Outliners.com Message ID: 2328
Posted by 100341.2151
2004-12-07 02:14:49
Steve -
I’ve been on the lookout for journal software, too, and have been surprised by the comparative lack of good programs. Maybe EverNote could be used for journalling purposes.
I think the Journal 3 is a neat little program (I haven’t looked at v4), although pricey at $40. What puzzles me, though, is the absence of combined journalling/(auto)biography programs. Given the popularity of genealogy, you would think that people would be getting interested in documenting their own (or other people’s) lives as a basis for developing fuller accounts of them for future family historians.
Since most people don’t keep a journal consistently over the long-term, such a program would need to combine a conventional journal program with some means of documenting critical life events after the fact for those periods that are not covered by existing journal entries.
The only program I know that goes some way to doing this is The Life Journal - http://www.lifejournal.com/ . This is a rather too “New Age-y” therapy-centered program (although many of these aspects can be turned off or just not used: daily “pulse-graphs”, etc). But it allows one to record critical events as dated journal entries, and then to view them as “nodes” on a series of graphical time-lines, and as lists of such events.
This provides a very useful way of helping to sort out - for example - how one spent the 1980s. Since I have a memory like a sieve, this provides a useful way of building up - via checkbook stubs, credit card statements, and sparse journal entries - just what on earth I was doing then.

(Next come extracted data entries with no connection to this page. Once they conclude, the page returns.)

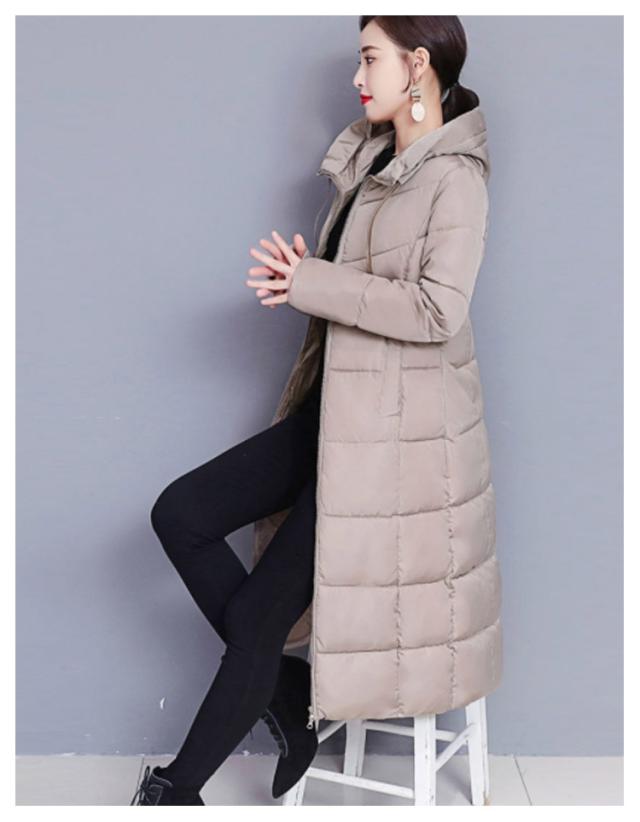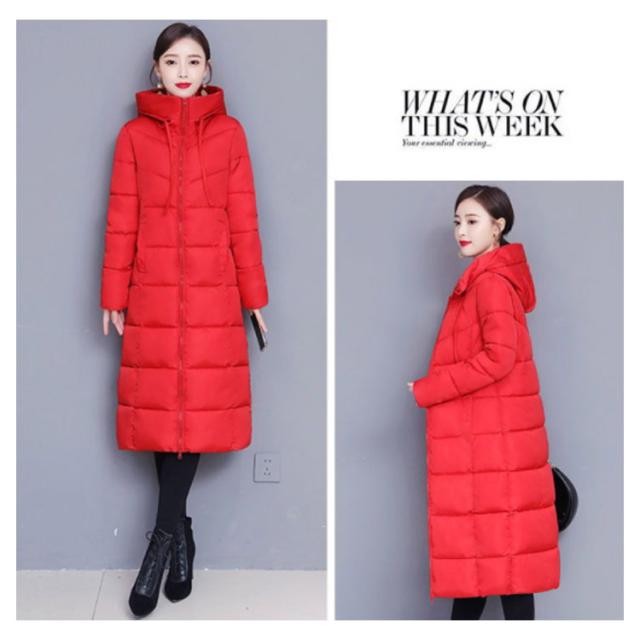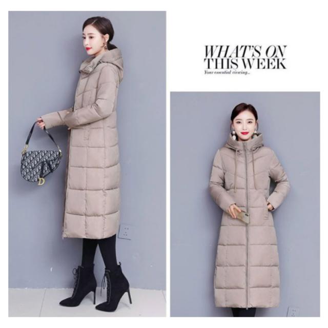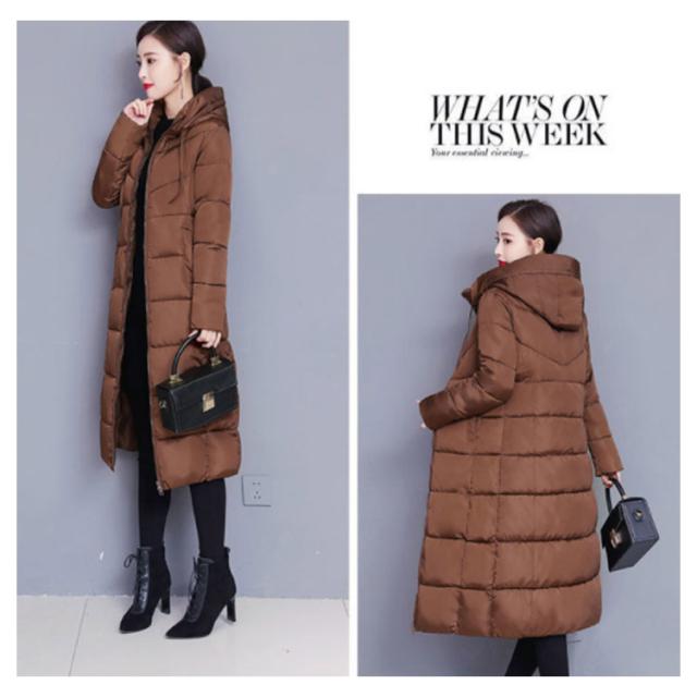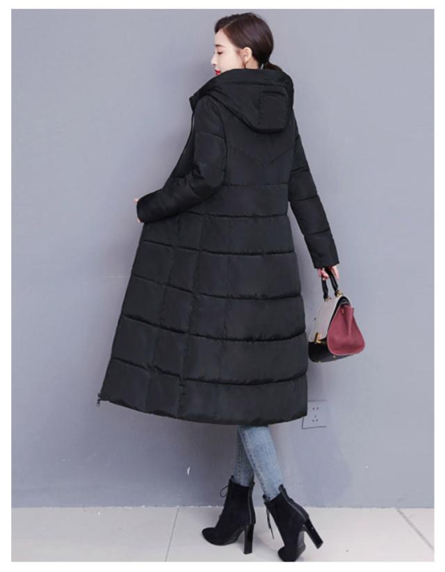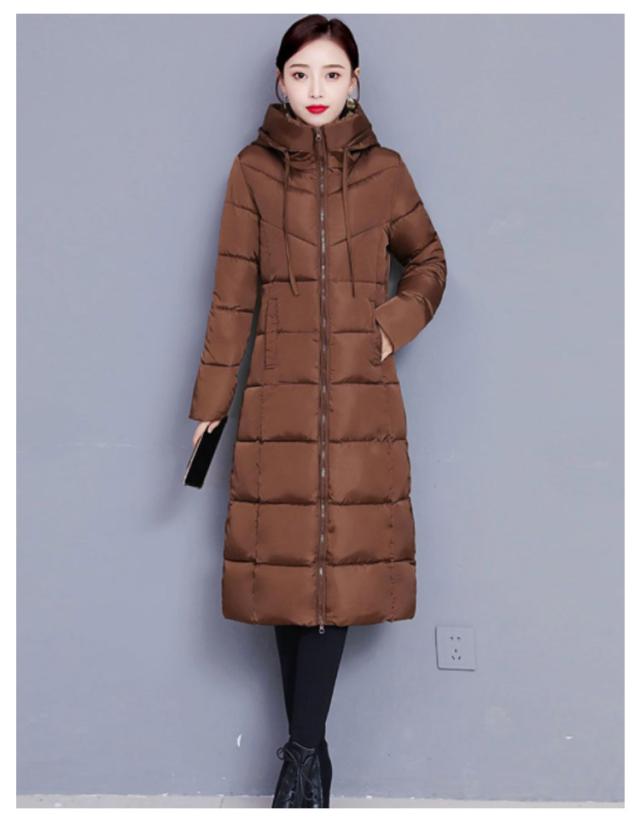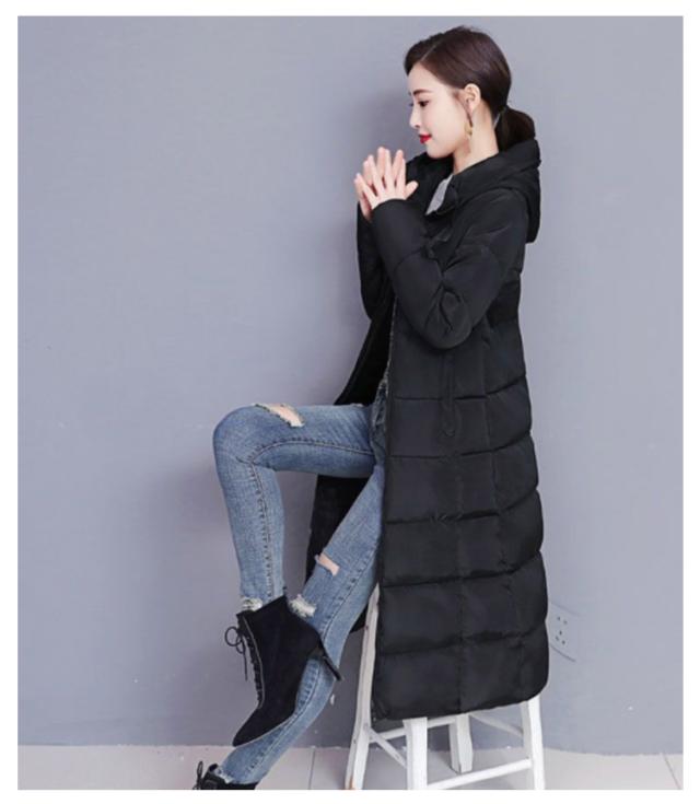 中綿コート レディース ロング丈 長袖 ファスナー フード付き ポケット付き 体型カバー アウター 防寒 暖かい カジュアル きれいめ 通勤 通学 女性 冬 無地 全6色
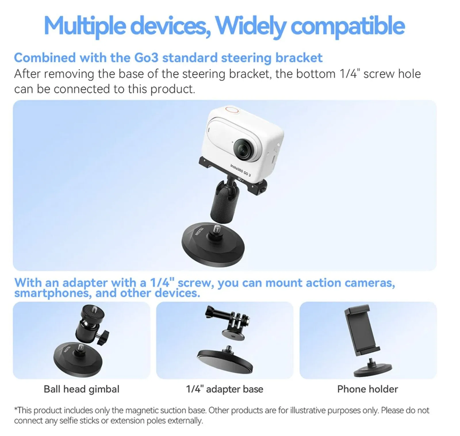 Depending on your intended use, you may need to add additional mounts (NOT INCLUDED) onto the 1/4" Thread on the base, such as a GoPro tripod adapter, 360 Ball head mount, or a smartphone holder.
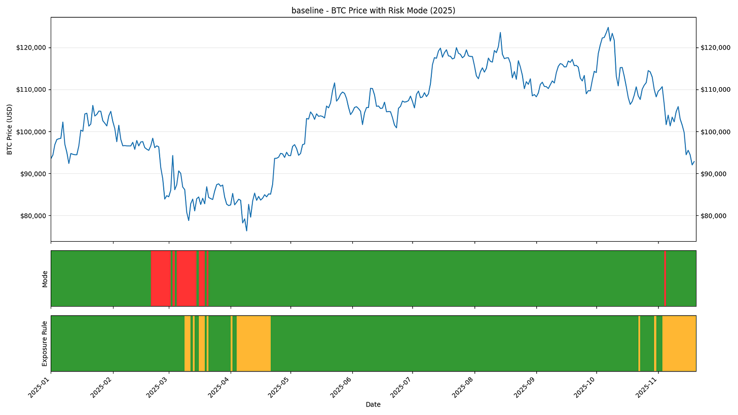 Example 4 (April 2025) and 5 (November 2025): after prolonged periods of RORO staying 🟢, the first appearance of 🔴 often signals that more downside is still ahead, even if RORO subsequently returns to 🟢.
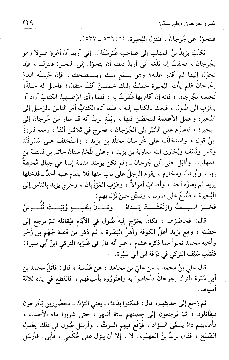 قال: فحاصَرَهم، فكانَ يخرُج إليه صُول في الأيَّام فيُقاتله ثمّ يرجع إلى حِصْنه، ومع يزيد أهلُ الكوفة وأهلُ البَصْرة، ثم ذكر من قصة جَهْم بن زَحْر وأخيه محمد نحوًا مما ذكره هشام، غير أنه قال في ضَرْبة التركى ابنَ أبي سبرة: فنَشَب سَيف التركي في دَرَقة ابن أبي سَبْرة.
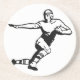 Vintage black and white drawing of a football player holding the ball and running for the goal line while having a hand out to block another player
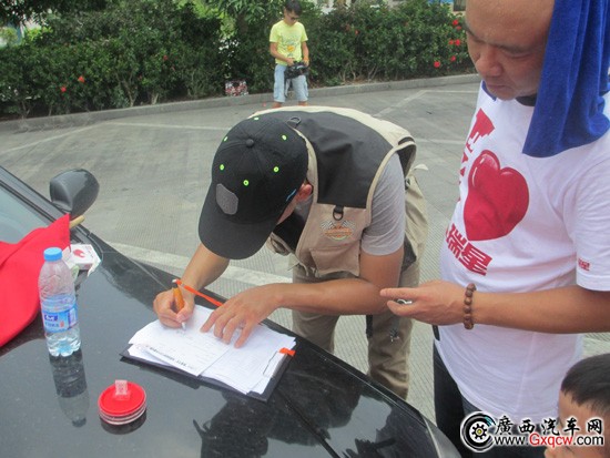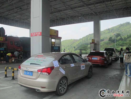 節(jié)油賽起始點(diǎn)設(shè)置在發(fā)達(dá)服務(wù)區(qū),由南寧銘典工作人員對(duì)參賽車(chē)輛統(tǒng)一加滿油到第一次跳槍,貼上封條,到珠街服務(wù)區(qū)揭開(kāi)封條再補(bǔ)加滿油到第一次跳槍的方法,折算成百公里油耗計(jì)算本次比賽用油成績(jī),評(píng)判出本次比賽的前三名“節(jié)油王”。最后,車(chē)主舒亮先生駕駛的東南V6菱仕COCO版以百公里油耗5.5升的成績(jī)摘取了本次“節(jié)油王”冠軍,拿到了節(jié)油賽冠軍獎(jiǎng)金和獎(jiǎng)杯。

Like The Journal, the Life Journal has also recently moved to a rather clunkier (IMO) new v2, and costs $40. If anybody knows another program with similar capabilities, I’d like to know about it. Genealogical programs like The Master Genealogist - http://www.whollygenes.com/ - can produce chronological lists of events in individual lives, but are not really designed for mapping single lives, and don’t have any graphical component.
I’m afraid this is all rather off-thread, but perhaps Life Journal’s timeline feature and its ability to categorise topics brings it just within the boundary.